I've never owned a Honda. But my single-stage Toro machines have all been good, and their 2-stages have a good reputation. So if looking for a machine, those are the brands I'd prefer to go with. It doesn't make Craftsman, MTD, Cub Cadet, etc, bad, but they wouldn't be my first choice. 

Good luck in your search! Anything that's reliable will be much better than shoveling, regardless of brand, or how shiny it is.


----------



## orangputeh (Nov 24, 2016)

~smokey~ said:


> Thanks for the welcome and advice, I'm in the southern Okanagan of British Columbia, the snow we get here is what I would call high maintenance in that it needs shoveling before you even walk on it cause everywhere you step turns to ice, in the 20 years we've lived here I've shoveled 16" of snow off the roof at least half a dozen times. below 0°C it's light powder and you need to get on it before it warms up and gets heavy, this last week it snowed for 4 days I couldn't keep up even after shoveling for 18 hours straight. such a PITA ! my driveway I want the snowblower for is 80' x 16'


now armed with info. heavy duty Ariens or Honda. Craftsman will be more trouble than it's worth.

just my 2 cents


----------



## Shovel (Mar 26, 2019)

I looked at some prices in Canada while ago... Both new and used.. Outrageous compared to the USA.
I wasn't finding many used in your area on Craigslist either.
I may be missing a conversion .. maybe it's giving Canadian dollars which are way different.

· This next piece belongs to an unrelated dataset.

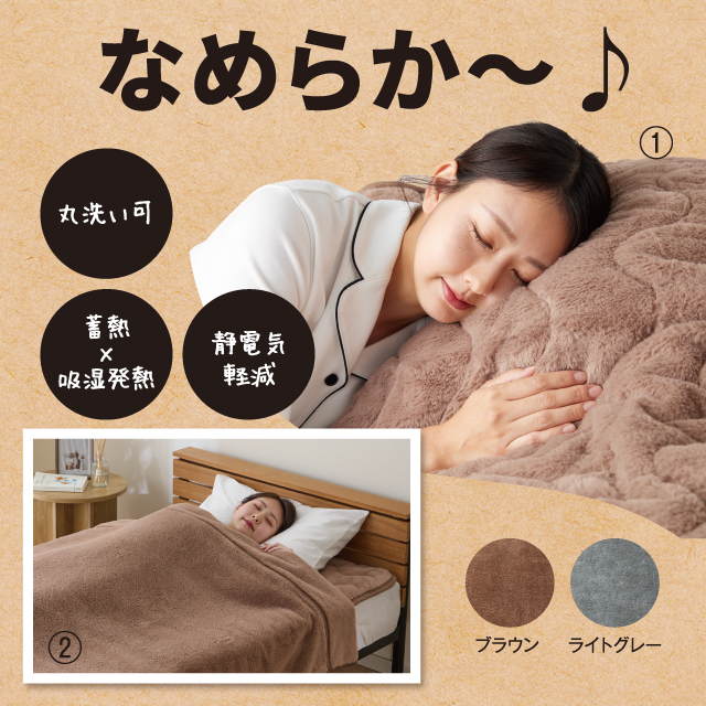 ①あったか敷きパッドシングル 約100×200cm②あったか毛布シングル 約140×200cm思わず頬ずりしたくなるなめらかさ!心地よいぬくもりに包まれて、ベッドから出られなくなってしまうかも。

Sent from my LM-Q710.FG using Tapatalk


----------



## ~smokey~ (Feb 14, 2020)

Shovel said:


> The engines on these newer (after Tecumseh sold) machines start effortlessly and run great...The norm is one pull.
> Fancy chute controls...better tires..lights.. heated grips.. quieter.. Cadillacs compared to the older machines.
> 
> 
> ...


Personally I think I'll avoid trying anything new for fear of being spoiled beyond any common sense :blowerhug:


----------



## ~smokey~ (Feb 14, 2020)

RedOctobyr said:


> Welcome ~smokey~! Now understanding that you're in Canada, that "shifts" the pricing a bit. I assumed you were in the US, as many of us are. So $300 CAD is about $225 USD.
> 
> Just echoing what others said. *Any* functioning snowblower sure beats the heck out of a shovel!! But I suspect there's nothing particularly unique about the Craftsman you got to try. If shopping around, I *am* biased towards Ariens, Toro, and Honda.
> 
> ...


Thanks Red, it's great to be armed with so much good information early in the hunt, I'll admit I have a soft spot for that Craftsman for various reasons, I really liked the controls the way they wrapped around the handlebar so you can hold them both down leaving your left hand free to turn the chute, but that's a simple mod you could make to any machine, it's been mentioned the Craftsman could be more trouble than it's worth and I'd rather not regret diving into those issues, also I'm pretty sure the Craftsman didn't have a differential so that would be great on the Ariens.


----------



## crazzywolfie (Jun 2, 2014)

never hurts to shop around. check kijiji or even facebook. we have been having a pretty mild winter around here so a lot of snowblowers have been just sitting on the market. heck i scored a pretty good condition mtd blower a month or so ago for $20. had to spend $2 on new muffler bolts and spend a couple minutes cleaning the 1 tire to re-seat the bead but seems like a good machine. other than that i don't see why it shouldn't have been a $150+ machine with how clean it was. heck could have probably go $100 for it as it was but the guy only posted a pic of the model number and said it needed work lol. if he posted pic of the machine he would have likely had it sold in a heart beat and would have had people offering him more than his $25 asking price


----------



## RedOctobyr (Mar 2, 2014)

~smokey~ said:


> I'll admit I have a soft spot for that Craftsman for various reasons, I really liked the controls the way they wrapped around the handlebar so you can hold them both down leaving your left hand free to turn the chute, but that's a simple mod you could make to any machine.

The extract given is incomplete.